Americans live in their homes for much longer than before, creating a log of housing stock outside the market that helps explain why home sales have sputtered.
Homeowners nationwide remain in their homes typically 13 years, five years longer than they did in 2010, according to a new analysis by real estate agency Redfin. When owners do not shop with a larger home for a growing family or reduce their size as children leave, it picks up the market for buyers who come after them.
"If people do not move on, there are only fewer and fewer homes available to new home buyers," he said
Redfin's chief economist.
Several homeowners who have been exposed have contributed to the housing stock falling to the lowest level in decades, which has also contributed to pushing up prices on sales houses. Adjusted for the population, the stock of homes for sale is now near the lowest level of 37 years of record keeping, according to housing data company CoreLogic Inc.
Fewer homes for sale are a major reason why even ultralow mortgage loans, record levels of equity and a strong labor market has not started the weak housing market.
Economists say aging baby boomers are the biggest culprit because many stay healthier later in life and choose not to reduce their size. Some look around for the lack of smaller, less expensive homes and are loathe to go to war with the children's generation to get one.
States, such as California and Texas, have also implemented tax policies that make it easier for older residents to stay in place.
Barbara O. & # 39; Mara, a 67-year-old retired accountant, and her husband have lived in their home in Danville, California, about a half-hour drive east of Oakland, for 32 years.
The couple bought the house for $ 440,000 in 1
The couple was without power for four days as the local utility seeks to prevent the spread of wildfires, but O & # 39; Mara said they still have no plans to leave. “We would love a change. We would like to move to the sea, "she said.
There are few young people moving into the neighborhood, she added," because none of the old people are moving out. "
In the San Francisco metropolitan area, a typical homeowner stays 14 years, up from less than 10 years in 2010. Inventory over the same period has plunged over 46%.
Meanwhile, the Seattle subway has seen a huge influx of new jobs, and housing supply has not kept pace – homeowners living there for more than three years longer than they did in 2010. The inventory of homes for sale Seattle has fallen more than 50% in the last nine years, while home prices have risen more than 80%, according to Redfin.
Kristen Schriver and her husband found that their family of four had outgrown their 1,000-square-foot Seattle home, which she bought for $ 140,000 a couple of decades ago.
But Ms. Schriver, a 53-year-old recruiter, soon realized that prices had risen so much that homes did not bigger than theirs sold for $ 600,000. They couldn't afford to upgrade, so instead they demolished their home and built a new 2,000 square foot house.

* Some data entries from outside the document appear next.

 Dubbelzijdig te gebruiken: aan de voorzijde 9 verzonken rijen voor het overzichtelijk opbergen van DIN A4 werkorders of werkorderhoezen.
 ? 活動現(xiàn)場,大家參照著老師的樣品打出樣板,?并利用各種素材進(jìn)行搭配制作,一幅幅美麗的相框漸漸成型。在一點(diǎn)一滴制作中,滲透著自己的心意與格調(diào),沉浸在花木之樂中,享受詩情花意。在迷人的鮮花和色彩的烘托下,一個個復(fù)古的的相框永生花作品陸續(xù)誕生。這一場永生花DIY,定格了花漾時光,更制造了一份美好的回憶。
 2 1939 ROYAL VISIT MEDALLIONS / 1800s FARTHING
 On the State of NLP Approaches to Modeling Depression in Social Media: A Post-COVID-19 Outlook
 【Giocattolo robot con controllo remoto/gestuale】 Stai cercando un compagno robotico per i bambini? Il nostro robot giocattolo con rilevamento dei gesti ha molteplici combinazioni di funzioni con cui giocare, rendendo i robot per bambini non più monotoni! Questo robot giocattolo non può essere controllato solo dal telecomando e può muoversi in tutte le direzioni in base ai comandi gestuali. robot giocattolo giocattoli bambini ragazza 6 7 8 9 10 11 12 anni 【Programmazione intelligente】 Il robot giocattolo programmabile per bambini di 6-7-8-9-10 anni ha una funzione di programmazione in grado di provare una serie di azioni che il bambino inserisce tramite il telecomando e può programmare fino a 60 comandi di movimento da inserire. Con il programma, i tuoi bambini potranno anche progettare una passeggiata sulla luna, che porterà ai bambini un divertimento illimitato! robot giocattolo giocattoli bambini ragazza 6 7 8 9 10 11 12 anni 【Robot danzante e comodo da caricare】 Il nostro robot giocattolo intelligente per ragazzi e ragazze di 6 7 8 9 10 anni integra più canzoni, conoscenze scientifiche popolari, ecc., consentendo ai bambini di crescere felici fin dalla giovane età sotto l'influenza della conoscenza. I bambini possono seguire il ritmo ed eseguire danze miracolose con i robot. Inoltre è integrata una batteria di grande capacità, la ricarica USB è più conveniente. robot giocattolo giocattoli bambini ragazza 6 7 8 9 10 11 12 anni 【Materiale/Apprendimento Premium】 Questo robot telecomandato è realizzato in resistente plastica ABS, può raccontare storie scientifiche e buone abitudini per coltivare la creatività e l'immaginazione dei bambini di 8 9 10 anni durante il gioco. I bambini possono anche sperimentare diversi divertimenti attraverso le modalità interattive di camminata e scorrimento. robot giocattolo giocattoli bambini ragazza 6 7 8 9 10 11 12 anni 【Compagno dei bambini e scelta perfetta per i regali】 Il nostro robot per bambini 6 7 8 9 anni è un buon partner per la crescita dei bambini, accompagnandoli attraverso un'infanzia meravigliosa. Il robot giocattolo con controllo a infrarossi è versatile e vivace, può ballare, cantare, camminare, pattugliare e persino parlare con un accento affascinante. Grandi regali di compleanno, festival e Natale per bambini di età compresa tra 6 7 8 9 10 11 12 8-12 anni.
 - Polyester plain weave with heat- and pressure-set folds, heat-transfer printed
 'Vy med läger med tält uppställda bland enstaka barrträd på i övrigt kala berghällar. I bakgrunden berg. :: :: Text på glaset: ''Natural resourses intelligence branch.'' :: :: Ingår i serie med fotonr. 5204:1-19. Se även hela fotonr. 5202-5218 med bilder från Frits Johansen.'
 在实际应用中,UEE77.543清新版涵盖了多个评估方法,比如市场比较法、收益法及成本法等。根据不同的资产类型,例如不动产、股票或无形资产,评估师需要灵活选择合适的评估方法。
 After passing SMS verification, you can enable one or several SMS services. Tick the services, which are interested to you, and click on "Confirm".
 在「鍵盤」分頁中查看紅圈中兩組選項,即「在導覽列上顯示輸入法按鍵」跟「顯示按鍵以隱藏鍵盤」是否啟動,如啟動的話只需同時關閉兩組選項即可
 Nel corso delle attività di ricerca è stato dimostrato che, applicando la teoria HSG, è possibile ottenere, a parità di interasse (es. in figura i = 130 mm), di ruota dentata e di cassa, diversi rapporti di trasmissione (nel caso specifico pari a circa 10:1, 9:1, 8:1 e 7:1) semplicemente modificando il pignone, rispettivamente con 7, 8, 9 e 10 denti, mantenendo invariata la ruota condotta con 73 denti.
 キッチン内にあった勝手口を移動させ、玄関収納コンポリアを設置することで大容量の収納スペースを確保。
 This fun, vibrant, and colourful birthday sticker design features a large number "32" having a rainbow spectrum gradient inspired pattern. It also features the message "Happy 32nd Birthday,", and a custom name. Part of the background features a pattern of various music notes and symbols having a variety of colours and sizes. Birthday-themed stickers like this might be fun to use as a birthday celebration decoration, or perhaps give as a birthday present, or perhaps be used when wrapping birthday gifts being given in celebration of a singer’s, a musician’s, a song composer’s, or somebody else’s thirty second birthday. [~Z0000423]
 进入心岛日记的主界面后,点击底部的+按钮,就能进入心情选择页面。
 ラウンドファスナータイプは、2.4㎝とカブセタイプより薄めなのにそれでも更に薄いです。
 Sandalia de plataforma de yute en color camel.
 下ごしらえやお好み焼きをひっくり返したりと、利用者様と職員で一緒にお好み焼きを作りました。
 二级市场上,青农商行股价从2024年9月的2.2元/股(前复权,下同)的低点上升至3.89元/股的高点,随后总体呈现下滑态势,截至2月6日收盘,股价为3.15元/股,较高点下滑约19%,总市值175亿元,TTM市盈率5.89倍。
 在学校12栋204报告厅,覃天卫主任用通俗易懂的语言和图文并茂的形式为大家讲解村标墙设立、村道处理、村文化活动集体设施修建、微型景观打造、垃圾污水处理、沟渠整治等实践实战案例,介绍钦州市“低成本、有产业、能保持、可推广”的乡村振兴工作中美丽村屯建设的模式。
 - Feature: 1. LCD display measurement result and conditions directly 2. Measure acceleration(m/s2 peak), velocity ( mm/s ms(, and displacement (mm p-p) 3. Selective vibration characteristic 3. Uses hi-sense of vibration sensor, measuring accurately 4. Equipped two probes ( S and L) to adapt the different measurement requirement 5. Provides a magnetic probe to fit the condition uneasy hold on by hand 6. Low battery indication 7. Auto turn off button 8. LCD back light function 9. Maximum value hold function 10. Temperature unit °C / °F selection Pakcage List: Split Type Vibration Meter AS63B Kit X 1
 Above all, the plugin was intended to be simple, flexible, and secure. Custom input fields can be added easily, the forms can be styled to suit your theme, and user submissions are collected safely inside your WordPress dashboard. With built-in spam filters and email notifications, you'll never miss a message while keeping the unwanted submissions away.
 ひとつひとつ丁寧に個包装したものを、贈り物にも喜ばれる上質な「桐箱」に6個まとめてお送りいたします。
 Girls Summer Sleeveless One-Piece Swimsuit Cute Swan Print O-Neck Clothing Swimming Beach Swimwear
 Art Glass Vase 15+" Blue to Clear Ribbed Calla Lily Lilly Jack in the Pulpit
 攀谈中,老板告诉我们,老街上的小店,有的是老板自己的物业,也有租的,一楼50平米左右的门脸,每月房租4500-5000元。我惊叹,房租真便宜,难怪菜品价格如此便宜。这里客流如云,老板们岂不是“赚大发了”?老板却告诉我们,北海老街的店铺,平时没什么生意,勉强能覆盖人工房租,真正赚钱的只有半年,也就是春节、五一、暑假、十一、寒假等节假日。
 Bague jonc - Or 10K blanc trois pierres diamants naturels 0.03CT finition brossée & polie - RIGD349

"You always think this is my little little home," she said. "Then the market begins to change, surpassing what revenue does."
But this is not just a problem in expensive coastal markets. Homeowners live longer in each of the 55 metros that Redfin studied. Cities where it was once relatively easy to buy a house, see that owners lived much longer, and created a serious inventory.
The number of homes for sale noted last year and early this year, but in recent months it has fallen close to record lows in 2018.
The fall in inventory levels quickly dampened hopes that the housing market would decline in second half of the year. The pace of existing home sales fell by 2.2% in September, the National Association of Realtors reported last Tuesday.
The lack of mobility among homeowners is not the only reason the supply is small. Since the recession, housing construction has not kept up with demand due to labor and land shortages. The share of US-bought investors rose to an all-time high of 11% in 2018, according to CoreLogic. Some of these investors quickly tilt the purchases, but others make them single-family homes and hold them for years.
In Houston, homeowners live for more than 23 years, up from less than 15 years in 2010. Inventories in the same period have fallen 7%. One reason, say real estate agents and economists, is that the hot local weather means that few people leave the area when they retire.
The lack of homes is particularly acute in the Salt Lake City metropolitan area, where there are nearly 60% fewer homes for sale than they were nine years ago, according to Redfin.
Real estate agents say that house prices in the area have risen so much that it is difficult for many residents to afford to move.
Around Salt Lake City, owners now remain in the home for more than 23 years, or nearly nine years longer than they did in 2010, according to Redfin. The lack of homes has helped bring the median home price up nearly 75% over the same period to around $ 340,000.
"It's really a traffic jam," said Daniel Lopez, a Redfin agent in Salt Lake City.
Anjee Barber left San Diego to move to Salt Lake City, she and her partner thought it would not be difficult to find a house.
The couple spent a year looking before they finally found a five-bedroom, three-bathroom home with a small garden. When the sellers cut the price from $ 575,000 to $ 549,000, the couple made an offer and closed last week.
"This is no easier than it would have been in California," she said.
Scott Robbins, president of the Salt Lake Board of Realtors, said he is working with a couple looking for a house near downtown.
"On Saturday, a new list pops up and there are 14 views the first day because everyone just waits and waits and wait and boom," he said.